Ahok: PNS yang Didemosi Tak Boleh Jadi Staf
- VIVA.co.id/Muhamad Solihin
VIVA.co.id - Gubernur DKI Jakarta Basuki Tjahaja Purnama mengubah tindakan yang diberikan kepada para Pegawai Negeri Sipil (PNS) Pemerintah Provinsi DKI yang terkena tindakan demosi. Bila sebelumnya para PNS yang diistilahkan terkena sanksi 'penstafan' itu kehilangan tingkatan eselonnya dan kembali menjadi seorang staf, maka pada penerapan kebijakan reformasi birokrasi jilid 2, mereka harus ikut pendidikan dan pelatihan.
"Mereka tidak boleh lagi menjadi staf," ujar Ahok di kantor Wali Kota Jakarta Pusat, Selasa, 23 Juni 2015.
Selama di Badan Diklat, para PNS itu akan kembali mendapatkan pendidikan dan pelatihan untuk menjadi seorang abdi negara. "Kita ajari otaknya supaya lebih baik lagi," ujar Ahok.
Usai mengikuti pendidikan, para PNS kemudian akan diminta untuk kembali 'melamar' balik ke Satuan Kerja Perangkat Daerah (SKPD) asalnya atau ke SKPD lain yang diminati. Cara ini disebutkan Ahok akan membuat para PNS terpacu memperbaiki diri supaya bisa mendapatkan kembali hak Tunjangan Kinerja Daerah (TKD) Dinamis yang hilang akibat mereka terkena tindakan demosi.

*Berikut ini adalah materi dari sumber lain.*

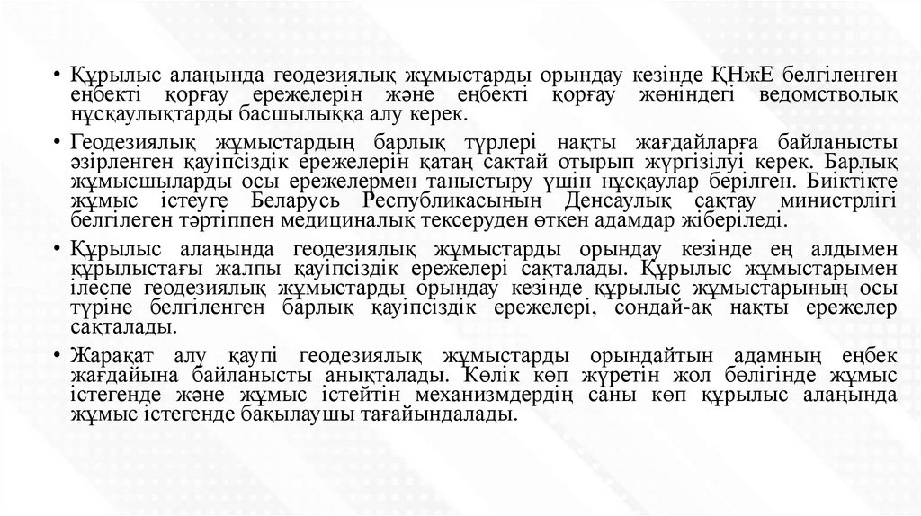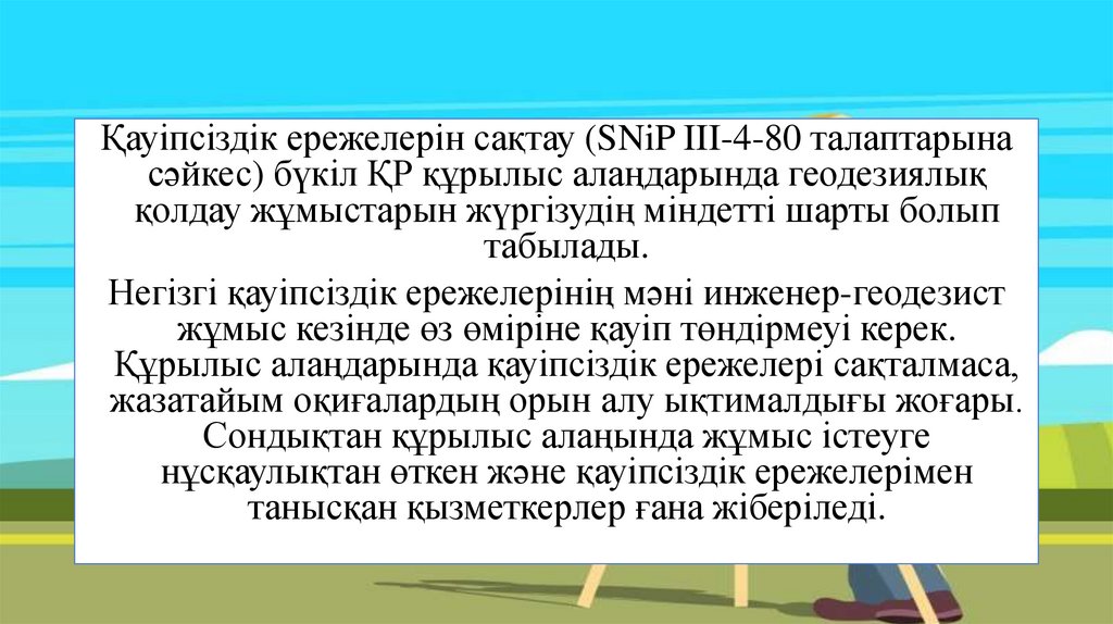 Қауіпсіздік ережелерін сақтау (SNiP III-4-80 талаптарынасәйкес) бүкіл ҚР құрылыс алаңдарында геодезиялық
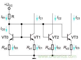 當(dāng)Re0=Re1時(shí),IC1仍然等于IR,但此電路的IR由式(2-4)約定,比式(2-2)的IR小,一般用于前置放大器的輸入級(jí)。
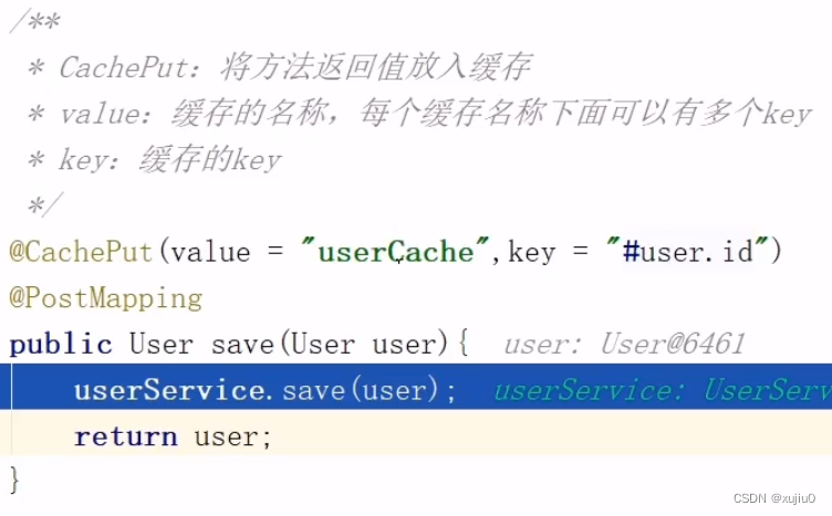 (1)保存@CachePut(value="",key="#user.id")或者#result
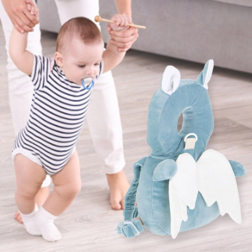 Dette bløde sikkerhedsrygsæk beskytter barnets hoved og ryg ved de første skridt og fald.
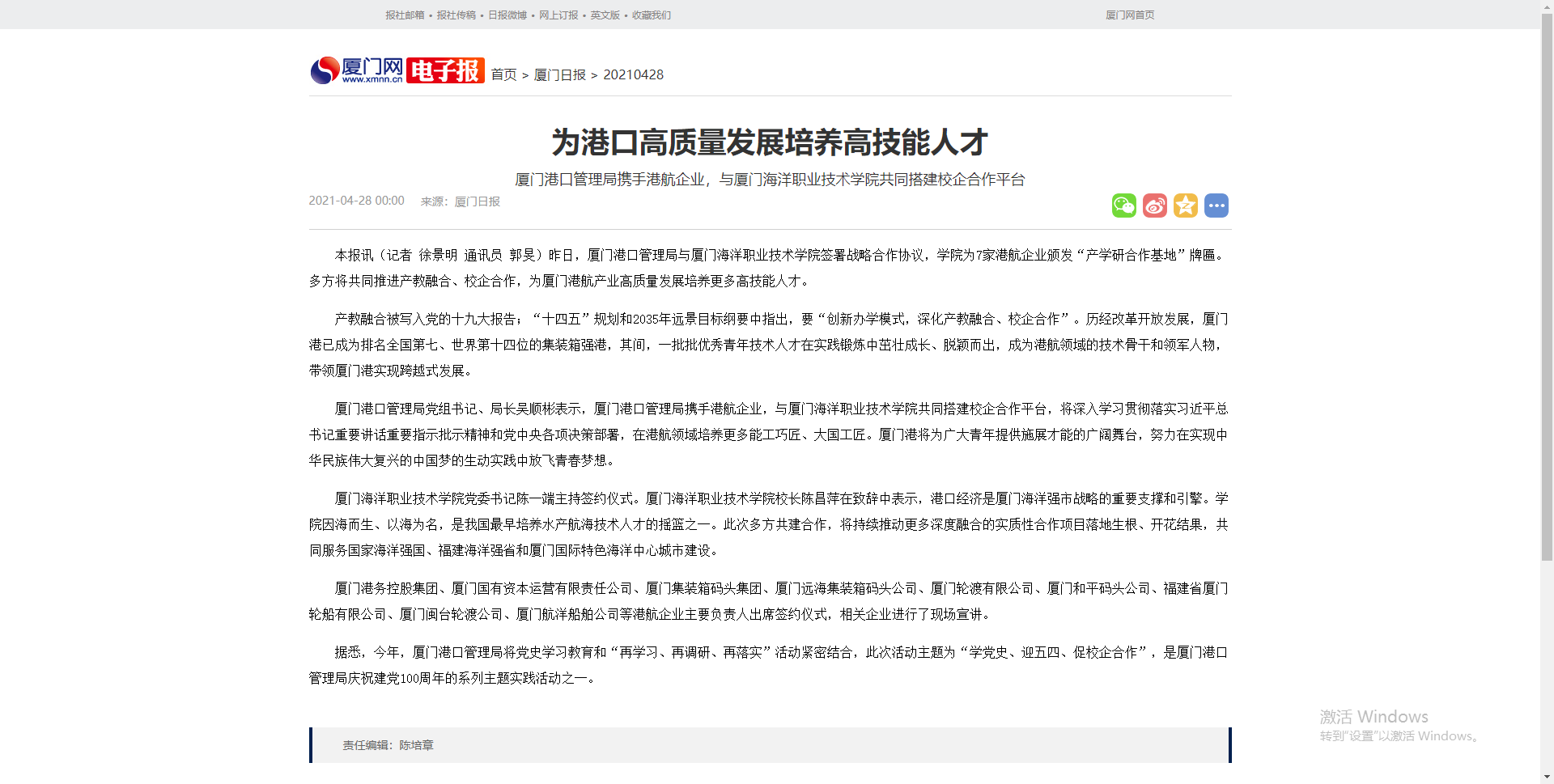 厦门港口管理局党组书记、局长吴顺彬表示,厦门港口管理局携手港航企业,与厦门海洋职业技术学院共同搭建校企合作平台,将深入学习贯彻落实习近平总书记重要讲话重要指示批示精神和党中央各项决策部署,在港航领域培养更多能工巧匠、大国工匠。厦门港将为广大青年提供施展才能的广阔舞台,努力在实现中华民族伟大复兴的中国梦的生动实践中放飞青春梦想。
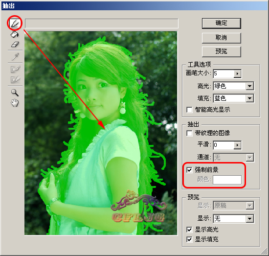 02、在圖層1執行濾鏡--抽出,在強制前景處打勾,顏色設定為白色,用邊緣高光器工具按圖示涂抹綠色,需要注意的是細心與否是成敗的關鍵,在邊緣的發絲處用小一點的筆觸(這里選擇了5)一根一根的涂抹(若看不清可用放大鏡工具把圖放大),中間的部分可用大一些的筆觸涂抹,以節省時間。
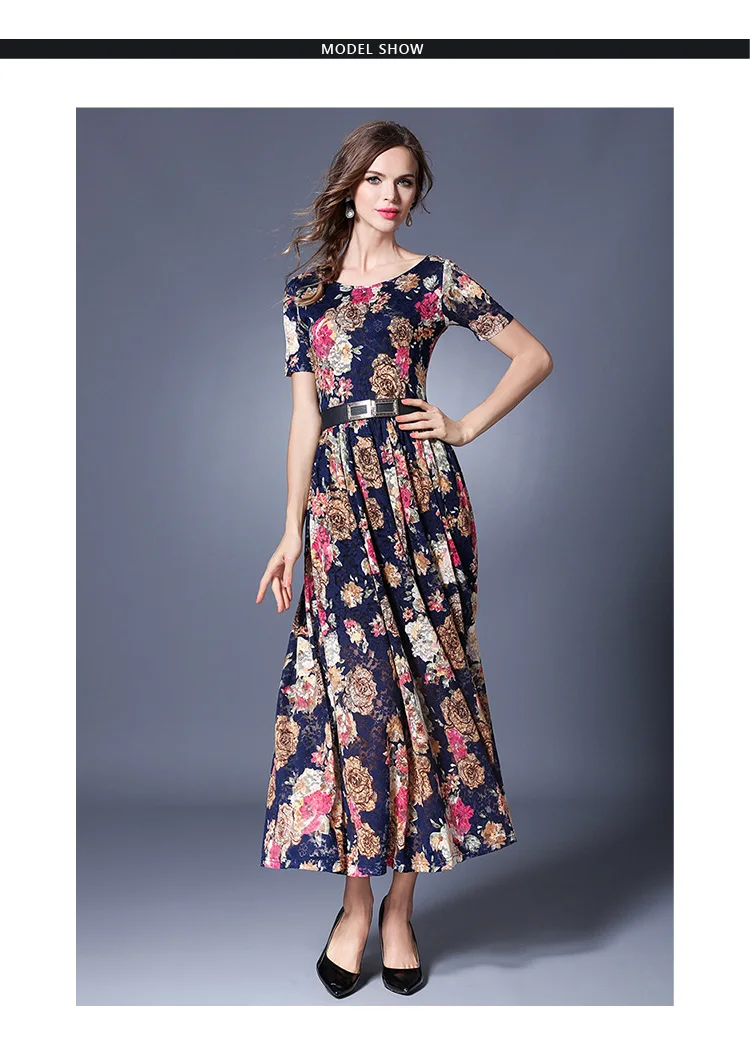 Bunga Floral Lace Long Dress Dicetak Lengan Pendek Musim
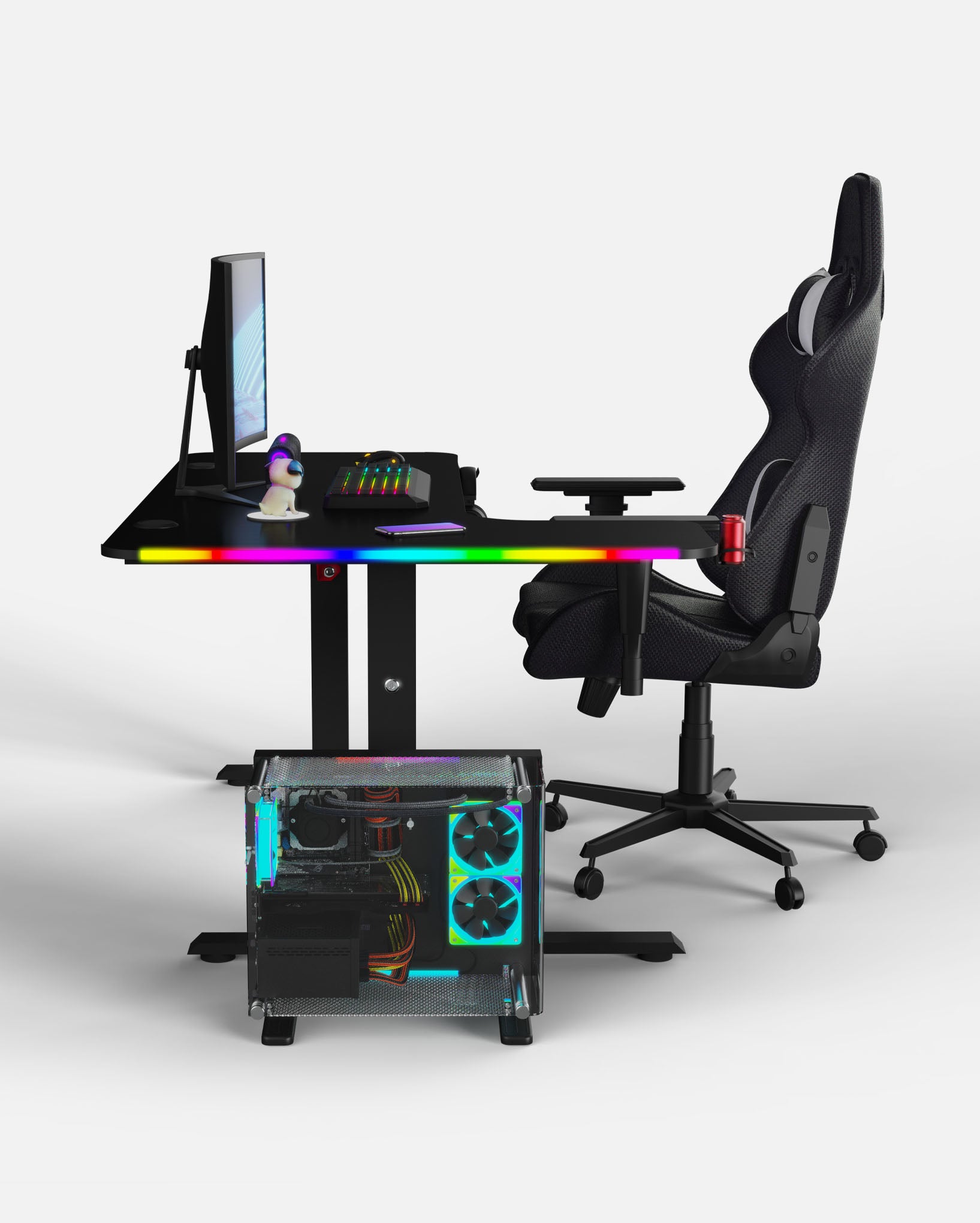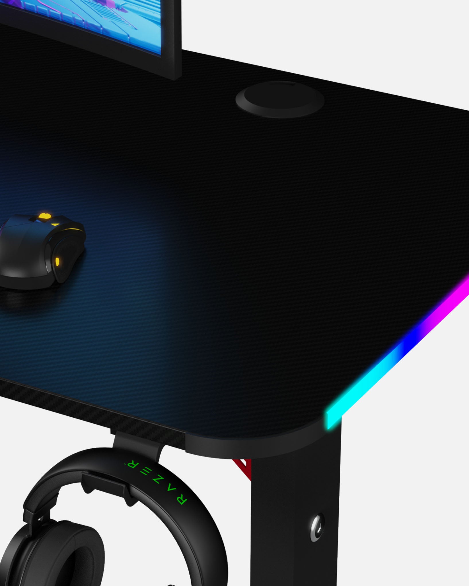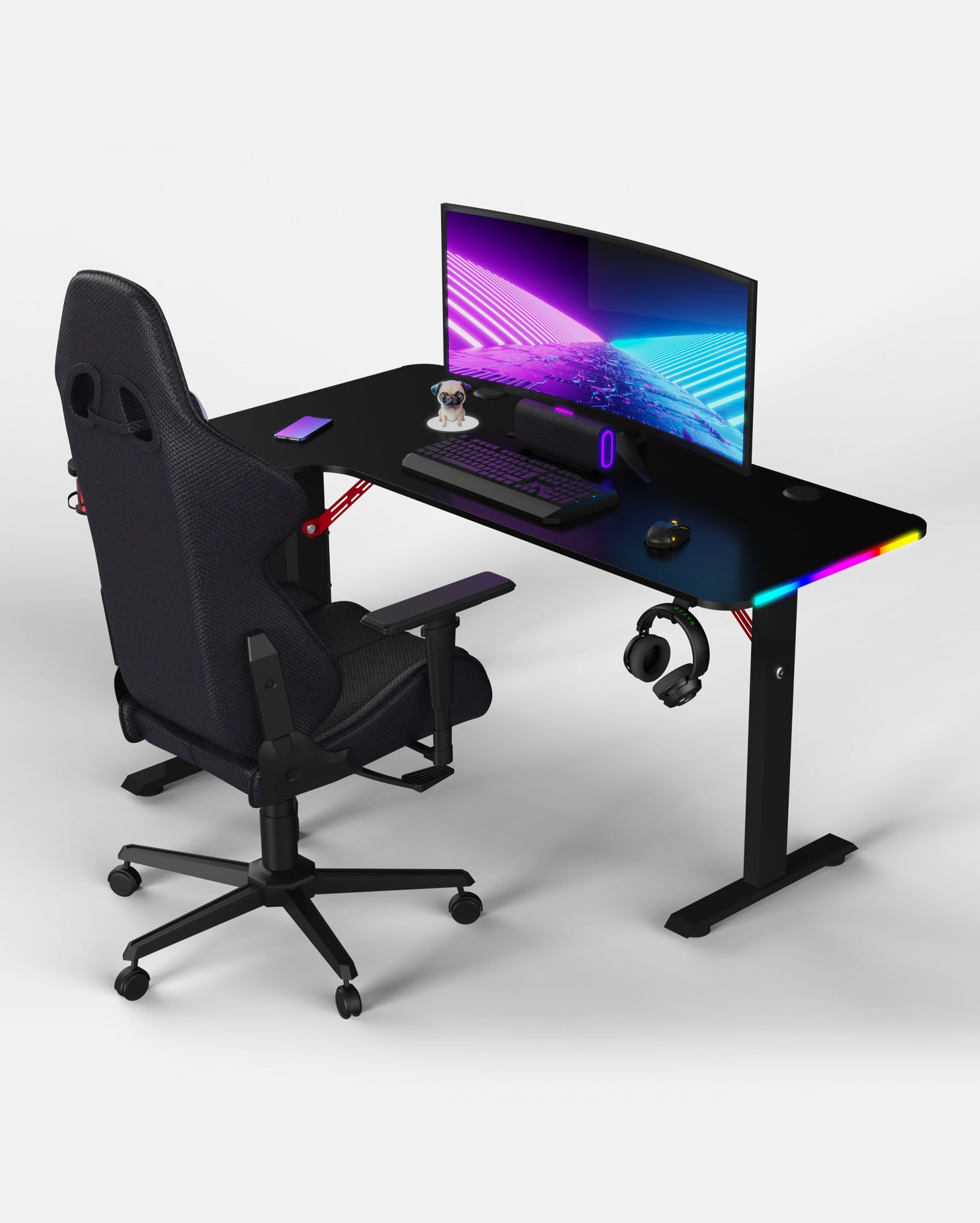 Kleine ruimte? Grote plannen. Het Pro 140 Hoekbureau biedt serieuze functionaliteit in een slank, L-vormig frame — perfect voor hoekopstellingen, console-stations of dual-screen rigs. Met geïntegreerde LED-verlichting, hoofdtelefoon- en drankhouders en een premium carbon fiber afwerking, is het ontworpen voor gamers die maximale efficiëntie willen zonder een greintje stijl te verliezen.
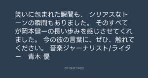 Addict of The Tripminds @Atripminds2021 – 10:49・2022年2月1日 2022 2/01 ADDICT OF THE TRIP MINDS 岡本健一 2022-02-01 笑いに包まれた瞬間も、 シリアスなトーンの瞬間もありました。 そのすべてが岡本健一の長い歩みを感じさせてくれました。 今の彼の言葉に、ぜひ、触れてください。 音楽ジャーナリスト/ライター 青木 優 Source:https://x.com/Atripminds2021/status/14883285093... ADDICT OF THE TRIP MINDS text X Post 岡本健一 ADDICT OF THE TRIP MINDS 岡本健一 この記事が気に入ったら フォローしてね! Follow @OtokoTimes1988 よかったらシェアしてね! URLをコピーしました! Addict of The Tripminds @Atripminds2021 - 10:48・2022年2月1日 Koyo Maeda @koyomaeda - 11:37・2022年2月1日 関連記事 Artist ADDICT OF THE TRIP MINDS 1993.10.01 Artist 岡本健一 1969.05.21
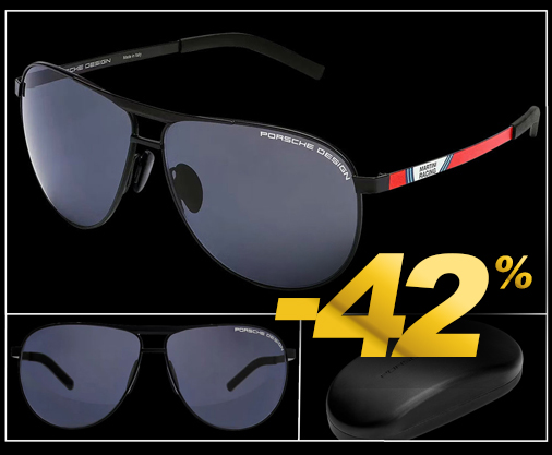 Lunettes de Soleil Porsche Martini Racing Protection anti-UV 100% - Normes européennes - Verre polarisant et anti-reflets Monture Noir mat en acier inoxydable - Branches Rouge / Blanc / Bleu Fabriquées en Italie - Porsche WAP0750010P0MR
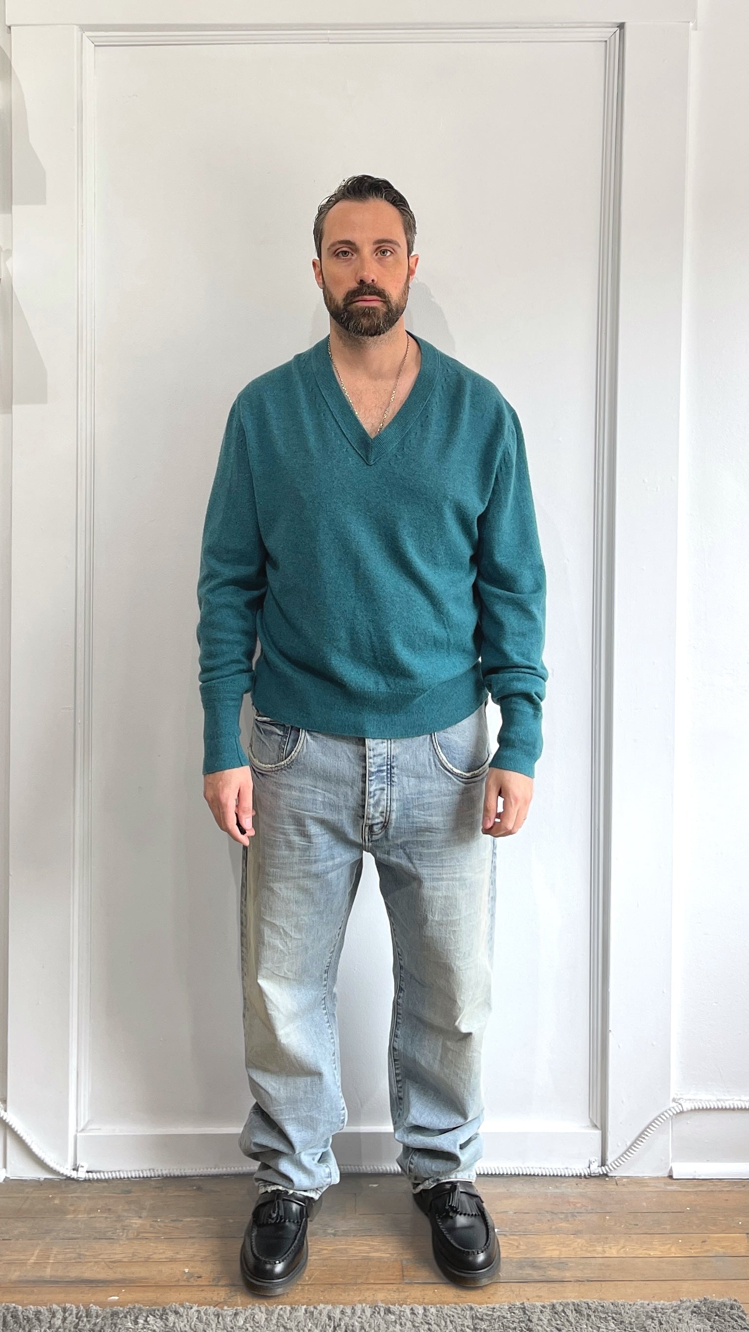 Item: Tom Ford Teal Cashmere V-Neck Sweater 54/44
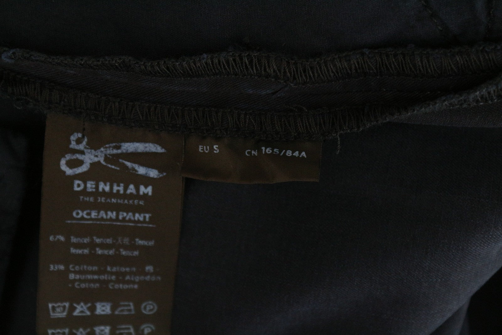 DENHAM Ocean moteriškos S dydžio kelnės, tamsiai mėlynos, lengvos, klasikinės medvilnės mišinio chino kelnės

Cara ini juga memungkinkan Pemprov DKI mudah menilai jajaran PNS yang sungguh-sungguh ingin memperbaiki diri, untuk bisa diterima kembali di jenjang karier PNS Pemerintah Provinsi DKI.
"Jadi nanti bisa kelihatan, mana PNS yang laku, dan mana yang tidak laku," ujar Ahok.
Sanksi demosi atau penstafan mulai berlaku sejak Ahok melaksanakan kebijakan reformasi birokrasi di Pemprov DKI pada tanggal 2 Januari 2015. Sanksi itu terutama diterapkan kepada para PNS yang dinilai tidak bisa menunjukkan kinerja yang baik atau terindikasi menyelewengkan anggaran.
Para PNS yang terdemosi, hanya mendapatkan fasilitas gaji pokok yang besarannya hanya berkisar antara Rp2,1 - 3,5 juta per bulan, sesuai jabatan mereka. Para PNS kehilangan TKD yang merupakan komponen terbesar yang berkontribusi terhadap penghasilan 'fantastis' PNS DKI.